### EXERCISE DESCRIPTION
After finding the line with "Body paint stick", restate it and each remaining line of the material word for word, omitting every picture.

━━━━

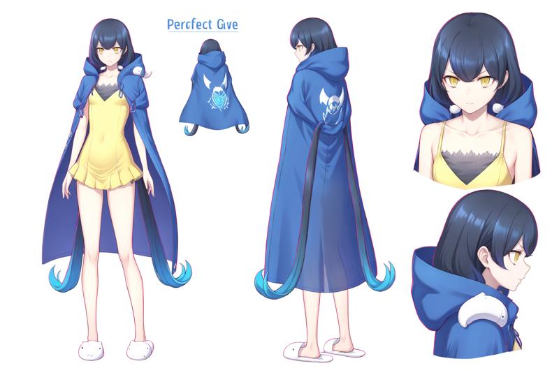 Draft Outfit: dress, blue cape, hood, collarbone, slippers, yellow dress, hood down, sleeveless dress, short dress, sleeveless, bare legs, cape, breasts, white footwear, bare arms, animal slippers, panties, lace-trimmed dress, underwear, small breasts, hooded cloak, cloak, lace trim, lace, bare shoulders, hooded cape, see-through
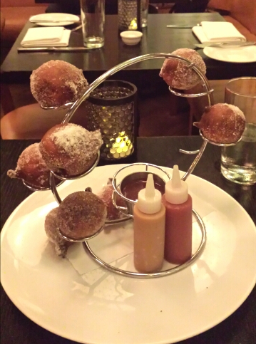 We had a mixed bag here. Our octopus app was incredible. Soft, succulent, and tasty. The creamed spinach was borderline bad. I didn’t like it. It seemed like it was too watery in the cream department, but also not cooked down enough as far as the spinach goes. Tough to explain. The mac & cheese was good though. It had nice crunch on the breadcrumb layer, not too assertive or biting on the cheese, not greasy at all… but a little on the dry side. For dessert we had the doughnuts, which were great (soft, chewy inside, and slightly crispy outside). However the caramel sauce wasn’t too good (too salty). The strawberry and chocolate sauces were nice though.
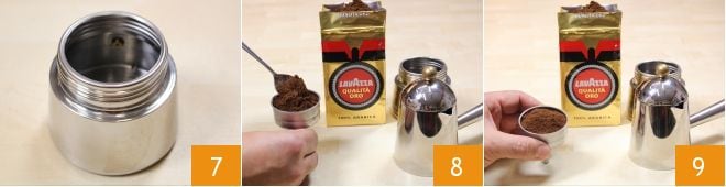 Préparez maintenant le café en utilisant une cafetière. Pour obtenir un excellent café, remplissez la chaudière de votre cafetière avec de l'eau froide, si possible pauvre en calcaire, en prenant soin de ne pas dépasser la soupape de sécurité 7 (sinon vous obtiendrez un café plus long). Remplissez le filtre avec le café moulu en formant une "petite montagne" 8, que vous nivelerez en tapant le filtre sur la table avec des mouvements décidés 9. Ne pressez pas avec la cuillère, ni ne faites de trous à la surface.
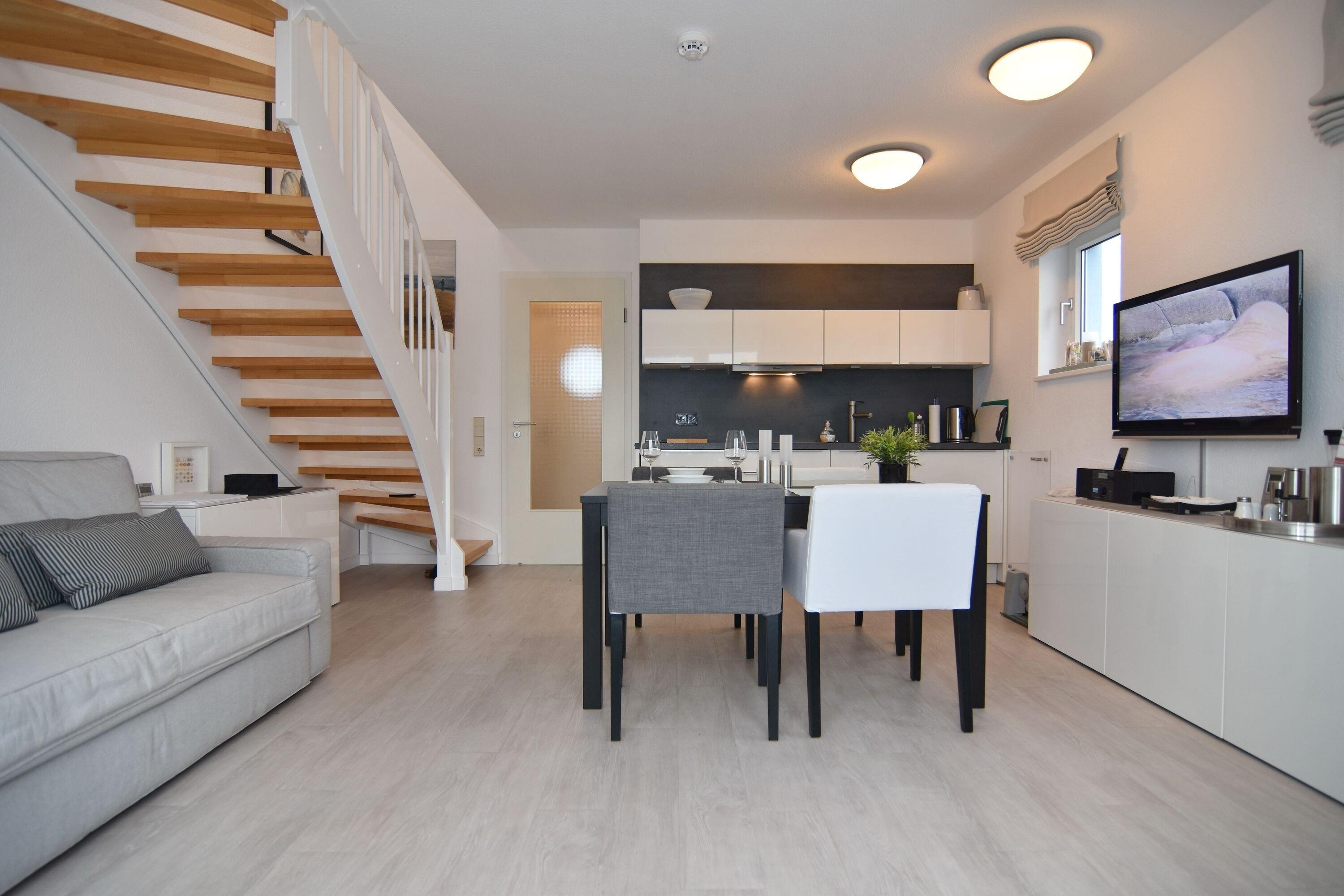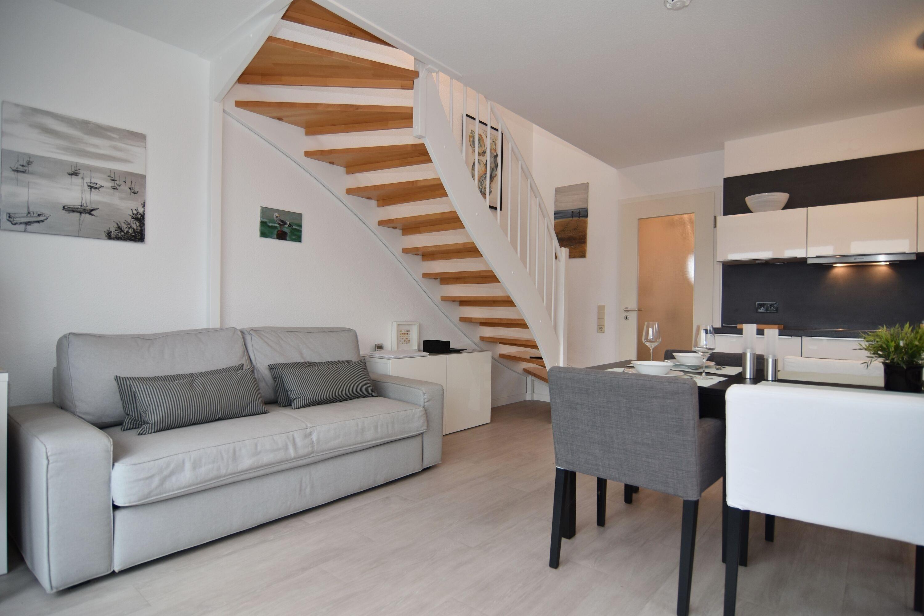 2-Zimmer-Wohnung in der "Residenz Mauritius" im blauen Haus, ca. 53 m², Nichtraucher.[nbsp][nbsp]2. OG/DG: OG: Wohn-/Essraum mit Südbalkon, Essplatz, 2-Sitzer-Couch, TV, Einbauküche mit Geschirrspüler, Flur mit Einbauschrank, Duschbad / WC. DG: Schlafzimmer mit Doppelbett (180x200), Einbauschrank, TV, Couch und Südterrasse. Internetanschluß (ohne Gewähr). Waschküche und Fahrradkeller im Nebenhaus "Mauriitus". Pkw-Stellplatz kann kostenpflichtig hinzugebucht werden. Bettwäsche und Handtücher sind zur Anreise aufgezogen! Tierhaltung ist nicht gestattet.
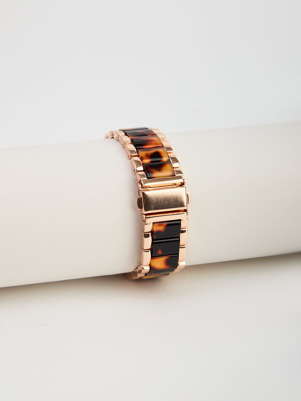Our Tortoise Shell Apple Watch Band offers a chic, vintage-inspired upgrade, perfectly blending a timeless pattern with modern technology. The band features beautiful tortoise shell pattern links set in a polished metallic frame, creating a warm, elegant contrast against the watch face. Pair this sophisticated band with a stack of simple gold jewelry and wear it with a tailored black blazer for a polished, classic look.
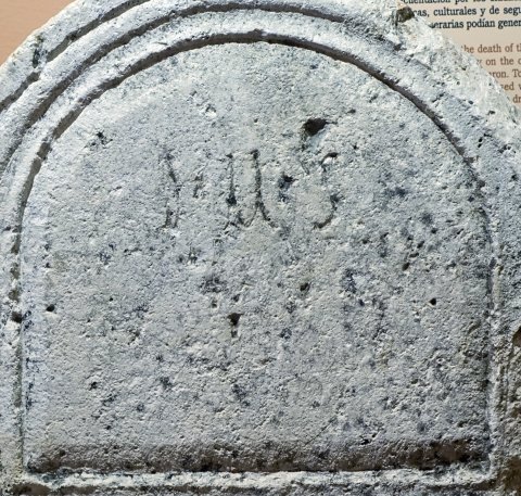 - Stele mit Bogenabschluss, im Bogenfeld DMS
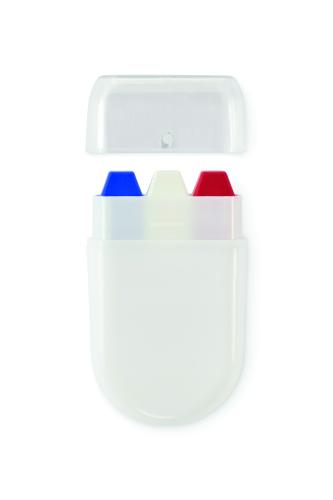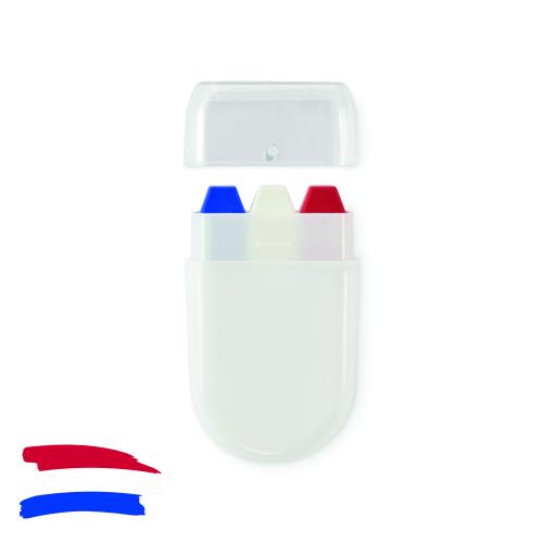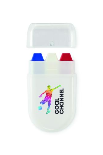 Body paint stick in national flag colours with wax paint in PP case and PS lid.
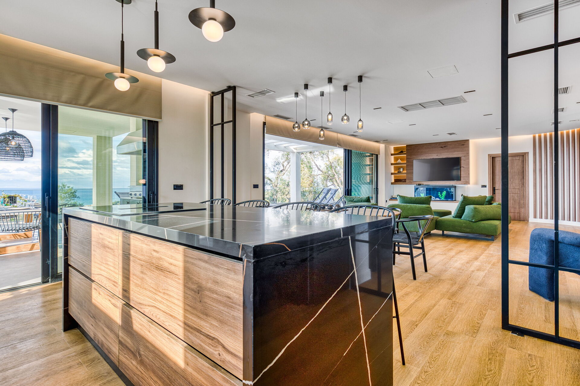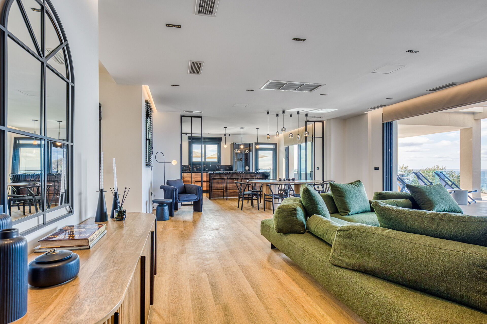 Construction was completed in February 2025, and Villa Dominante is one of the area’s most exclusive villas. Located on the northern coast of Corfu, it offers the setting for an unforgettable vacation with friends and family.

━━━━

### TASK SOLUTION
 Body paint stick in national flag colours with wax paint in PP case and PS lid.
 Construction was completed in February 2025, and Villa Dominante is one of the area’s most exclusive villas. Located on the northern coast of Corfu, it offers the setting for an unforgettable vacation with friends and family.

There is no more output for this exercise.